Instructions for the task: The task requires repeating, word for word, the lines from the one with "but still finished." through the end of the material, leaving out all pictures.

Supplied data:
────────

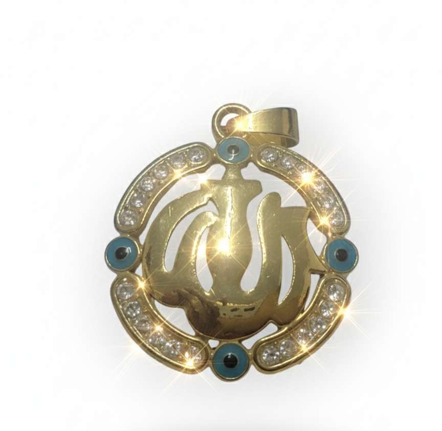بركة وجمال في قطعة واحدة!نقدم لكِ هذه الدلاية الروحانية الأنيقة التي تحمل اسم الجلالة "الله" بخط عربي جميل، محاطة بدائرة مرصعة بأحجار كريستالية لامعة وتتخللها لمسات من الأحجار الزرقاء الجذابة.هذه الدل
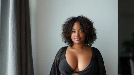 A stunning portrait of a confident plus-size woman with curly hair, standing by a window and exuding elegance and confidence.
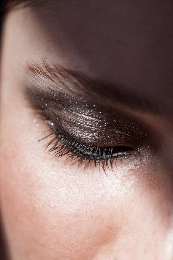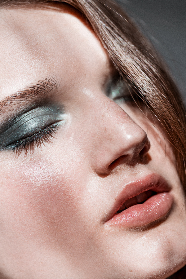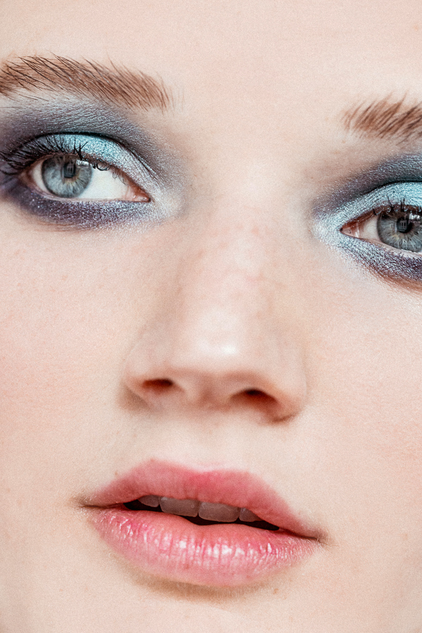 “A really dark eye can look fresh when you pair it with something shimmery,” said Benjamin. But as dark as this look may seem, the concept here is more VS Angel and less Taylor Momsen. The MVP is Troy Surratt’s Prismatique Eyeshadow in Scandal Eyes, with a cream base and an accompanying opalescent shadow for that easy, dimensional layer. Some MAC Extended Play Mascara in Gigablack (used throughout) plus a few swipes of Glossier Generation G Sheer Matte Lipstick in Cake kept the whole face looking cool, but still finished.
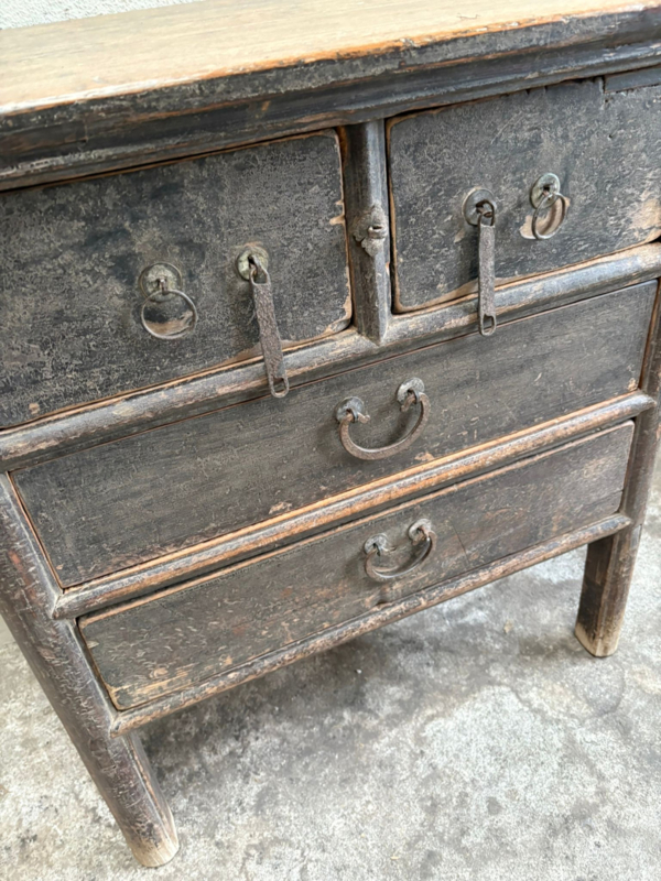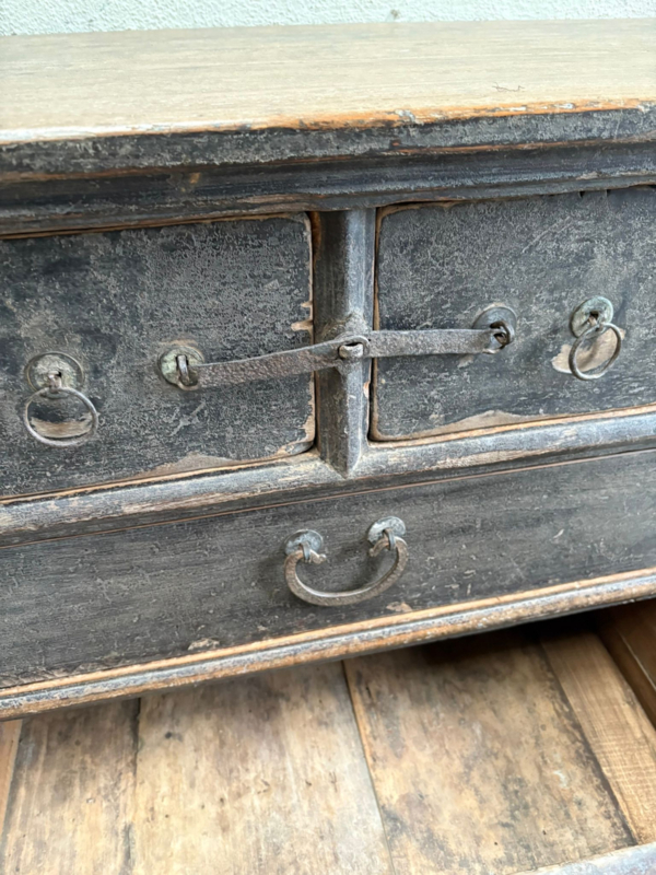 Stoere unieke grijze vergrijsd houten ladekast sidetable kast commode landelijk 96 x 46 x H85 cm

────────

Output of the exercise:
 “A really dark eye can look fresh when you pair it with something shimmery,” said Benjamin. But as dark as this look may seem, the concept here is more VS Angel and less Taylor Momsen. The MVP is Troy Surratt’s Prismatique Eyeshadow in Scandal Eyes, with a cream base and an accompanying opalescent shadow for that easy, dimensional layer. Some MAC Extended Play Mascara in Gigablack (used throughout) plus a few swipes of Glossier Generation G Sheer Matte Lipstick in Cake kept the whole face looking cool, but still finished.
 Stoere unieke grijze vergrijsd houten ladekast sidetable kast commode landelijk 96 x 46 x H85 cm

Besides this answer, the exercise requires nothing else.